China and Japan may not be on a collision course, but it's not possible to ignore the rhetoric or provocative actions from both sides. The situation is ripe for miscalculation.
It's tempting, in 2014, for historians to replay the debate over the causes of World War 1, with China in the role of expanding Germany and the U.S. as the overstretched British Empire. Had we been thinking more about this last year, we might have looked back at more recent history, to 1983 and a NATO command-and-control exercise called Able Archer.
Few paid much attention to Able Archer at the time.
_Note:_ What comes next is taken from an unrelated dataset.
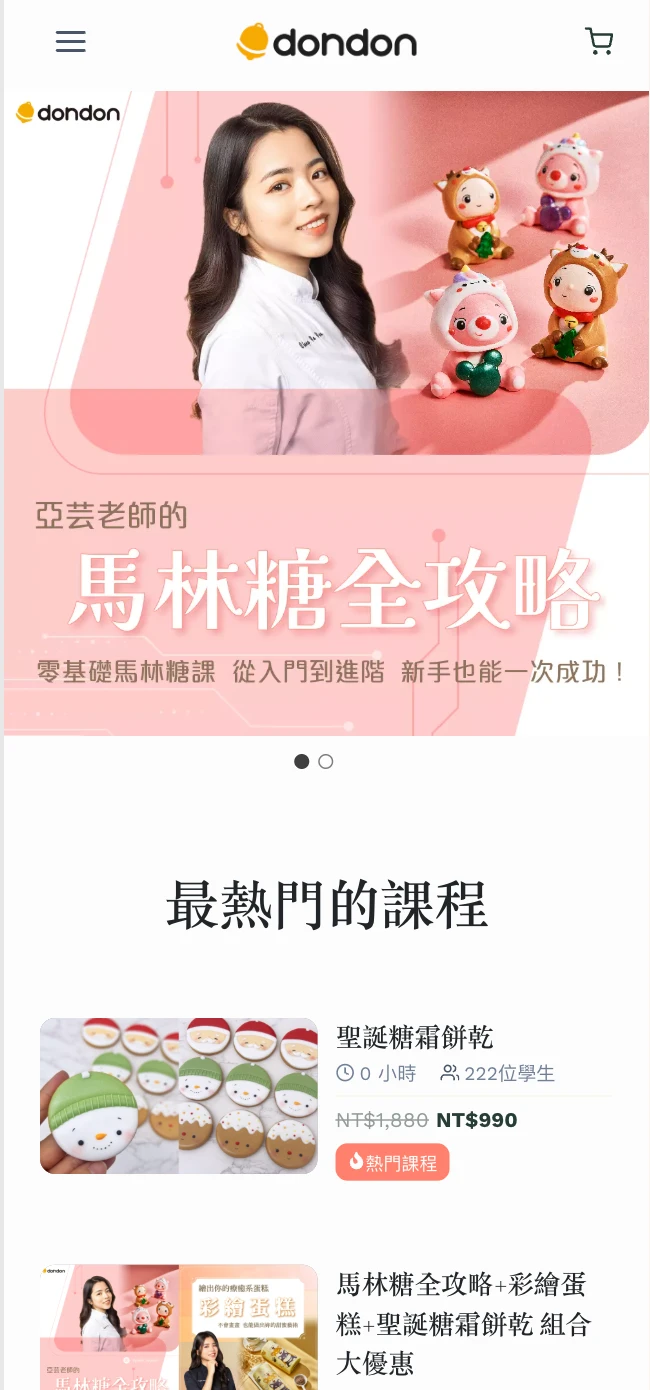 首頁直接呈現「最熱門的課程」與價格/折扣資訊,讓使用者不用再多點兩三層找推薦課程。

It was part of the routine of military preparedness in a theater where—most people agreed—war could erupt with little notice. What nobody in the West realized was that the Soviet Union was watching it with rising alarm.
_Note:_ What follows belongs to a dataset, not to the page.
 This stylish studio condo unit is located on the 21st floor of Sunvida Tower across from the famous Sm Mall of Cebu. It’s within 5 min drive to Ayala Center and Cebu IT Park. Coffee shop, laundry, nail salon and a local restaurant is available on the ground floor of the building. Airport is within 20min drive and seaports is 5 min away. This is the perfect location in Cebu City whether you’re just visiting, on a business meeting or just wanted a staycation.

The Soviet leadership, including the dying Yuri Andropov, was taking Ronald Reagan's talk of the “Evil Empire” seriously. They no doubt wished that they were as close to building a defensive shield of lasers and particle beams as some U.S. experts thought they were. The Soviets may have surmised that such beliefs could make a preemptive strike tempting. The Pershing II missile, being shipped to Europe in the fall of 1983, looked to them like a decapitation-strike weapon.
Under Operation Ryan, the Soviets had directed the KGB to look for signs of a NATO preemptive strike. KGB agents found what they had been told to find—and as Able Archer started, fears of a NATO attack rose toward the boiling point. It was only when Able Archer stopped as scheduled that the Soviets relaxed their preparations.
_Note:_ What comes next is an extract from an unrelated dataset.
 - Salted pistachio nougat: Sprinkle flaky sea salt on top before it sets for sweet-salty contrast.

Today's intelligence-gathering is no less vulnerable to bias. Japanese China-hawks can look for evidence of China's ambitions to restore the Middle Kingdom's hegemony and find it everywhere, from think tanks to Internet discussion boards. Chinese analysts take note when former Japanese commanders and military-studies academics talk openly about parallels between China's military plans and the Soviet Union's Pacific strategy, and about preparing to defend Japan's outlying islands, as they were doing in Washington in January.
Just as the Internet provides echo chambers for the like-minded more easily than it facilitates reasoned debate, it's a place where extreme views can appear to be the consensus, particularly if extreme views are what you are seeking.